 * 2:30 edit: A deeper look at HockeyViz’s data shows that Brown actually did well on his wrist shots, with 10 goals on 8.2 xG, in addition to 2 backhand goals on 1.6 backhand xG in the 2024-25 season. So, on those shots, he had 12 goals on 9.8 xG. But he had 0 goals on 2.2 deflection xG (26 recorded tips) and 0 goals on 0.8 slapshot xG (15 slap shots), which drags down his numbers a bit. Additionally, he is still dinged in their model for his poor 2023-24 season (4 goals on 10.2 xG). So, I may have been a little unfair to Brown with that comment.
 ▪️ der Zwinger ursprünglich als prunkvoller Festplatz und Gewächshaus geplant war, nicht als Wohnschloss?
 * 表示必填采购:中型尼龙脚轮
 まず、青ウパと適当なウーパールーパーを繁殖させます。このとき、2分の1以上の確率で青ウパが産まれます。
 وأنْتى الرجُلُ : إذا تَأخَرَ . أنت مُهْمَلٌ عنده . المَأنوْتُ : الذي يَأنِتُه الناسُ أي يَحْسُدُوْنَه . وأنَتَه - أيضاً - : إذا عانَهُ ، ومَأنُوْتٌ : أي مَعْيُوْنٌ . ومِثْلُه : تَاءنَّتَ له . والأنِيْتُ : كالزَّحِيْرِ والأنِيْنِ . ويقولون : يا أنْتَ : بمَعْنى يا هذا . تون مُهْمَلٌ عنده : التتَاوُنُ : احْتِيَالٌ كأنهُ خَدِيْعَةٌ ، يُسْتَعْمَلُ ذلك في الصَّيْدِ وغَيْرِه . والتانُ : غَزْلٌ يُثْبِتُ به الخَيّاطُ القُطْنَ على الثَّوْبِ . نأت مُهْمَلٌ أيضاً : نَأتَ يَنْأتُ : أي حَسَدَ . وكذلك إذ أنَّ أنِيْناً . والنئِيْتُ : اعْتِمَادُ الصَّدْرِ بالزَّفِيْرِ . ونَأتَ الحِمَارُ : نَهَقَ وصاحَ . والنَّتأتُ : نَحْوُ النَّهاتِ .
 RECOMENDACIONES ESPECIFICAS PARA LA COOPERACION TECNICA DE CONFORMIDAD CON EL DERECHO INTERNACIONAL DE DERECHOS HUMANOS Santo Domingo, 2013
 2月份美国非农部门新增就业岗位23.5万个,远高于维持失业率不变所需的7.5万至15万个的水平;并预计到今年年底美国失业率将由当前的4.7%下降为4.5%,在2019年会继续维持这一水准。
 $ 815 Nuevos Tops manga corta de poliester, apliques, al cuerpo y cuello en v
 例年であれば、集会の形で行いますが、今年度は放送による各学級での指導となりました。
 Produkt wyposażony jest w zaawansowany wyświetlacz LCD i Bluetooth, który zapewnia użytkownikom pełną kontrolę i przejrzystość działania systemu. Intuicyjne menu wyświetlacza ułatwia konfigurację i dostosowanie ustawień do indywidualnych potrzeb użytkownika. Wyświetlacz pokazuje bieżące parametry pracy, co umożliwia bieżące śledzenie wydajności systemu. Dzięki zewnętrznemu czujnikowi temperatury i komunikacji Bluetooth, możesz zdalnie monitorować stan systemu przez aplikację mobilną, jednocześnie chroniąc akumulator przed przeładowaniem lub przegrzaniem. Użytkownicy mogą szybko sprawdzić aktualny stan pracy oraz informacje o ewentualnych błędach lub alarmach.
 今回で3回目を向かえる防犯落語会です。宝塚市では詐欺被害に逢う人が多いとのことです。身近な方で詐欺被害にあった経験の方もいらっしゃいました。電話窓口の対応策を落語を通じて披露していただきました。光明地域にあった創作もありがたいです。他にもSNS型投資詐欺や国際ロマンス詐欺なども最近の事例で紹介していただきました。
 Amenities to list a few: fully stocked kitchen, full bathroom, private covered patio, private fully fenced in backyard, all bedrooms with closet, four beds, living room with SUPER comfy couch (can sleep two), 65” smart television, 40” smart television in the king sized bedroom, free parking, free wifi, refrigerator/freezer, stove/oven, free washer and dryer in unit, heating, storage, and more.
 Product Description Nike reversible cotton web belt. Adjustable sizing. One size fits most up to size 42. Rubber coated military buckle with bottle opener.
◆ ◆ ◆
Above are the entries. Output exactly the lines beginning with the line that has "وأنْتى الرجُلُ : إذا" and ending with the line that has "Produkt wyposażony jest".

 وأنْتى الرجُلُ : إذا تَأخَرَ . أنت مُهْمَلٌ عنده . المَأنوْتُ : الذي يَأنِتُه الناسُ أي يَحْسُدُوْنَه . وأنَتَه - أيضاً - : إذا عانَهُ ، ومَأنُوْتٌ : أي مَعْيُوْنٌ . ومِثْلُه : تَاءنَّتَ له . والأنِيْتُ : كالزَّحِيْرِ والأنِيْنِ . ويقولون : يا أنْتَ : بمَعْنى يا هذا . تون مُهْمَلٌ عنده : التتَاوُنُ : احْتِيَالٌ كأنهُ خَدِيْعَةٌ ، يُسْتَعْمَلُ ذلك في الصَّيْدِ وغَيْرِه . والتانُ : غَزْلٌ يُثْبِتُ به الخَيّاطُ القُطْنَ على الثَّوْبِ . نأت مُهْمَلٌ أيضاً : نَأتَ يَنْأتُ : أي حَسَدَ . وكذلك إذ أنَّ أنِيْناً . والنئِيْتُ : اعْتِمَادُ الصَّدْرِ بالزَّفِيْرِ . ونَأتَ الحِمَارُ : نَهَقَ وصاحَ . والنَّتأتُ : نَحْوُ النَّهاتِ .
 RECOMENDACIONES ESPECIFICAS PARA LA COOPERACION TECNICA DE CONFORMIDAD CON EL DERECHO INTERNACIONAL DE DERECHOS HUMANOS Santo Domingo, 2013
 2月份美国非农部门新增就业岗位23.5万个,远高于维持失业率不变所需的7.5万至15万个的水平;并预计到今年年底美国失业率将由当前的4.7%下降为4.5%,在2019年会继续维持这一水准。
 $ 815 Nuevos Tops manga corta de poliester, apliques, al cuerpo y cuello en v
 例年であれば、集会の形で行いますが、今年度は放送による各学級での指導となりました。
 Produkt wyposażony jest w zaawansowany wyświetlacz LCD i Bluetooth, który zapewnia użytkownikom pełną kontrolę i przejrzystość działania systemu. Intuicyjne menu wyświetlacza ułatwia konfigurację i dostosowanie ustawień do indywidualnych potrzeb użytkownika. Wyświetlacz pokazuje bieżące parametry pracy, co umożliwia bieżące śledzenie wydajności systemu. Dzięki zewnętrznemu czujnikowi temperatury i komunikacji Bluetooth, możesz zdalnie monitorować stan systemu przez aplikację mobilną, jednocześnie chroniąc akumulator przed przeładowaniem lub przegrzaniem. Użytkownicy mogą szybko sprawdzić aktualny stan pracy oraz informacje o ewentualnych błędach lub alarmach.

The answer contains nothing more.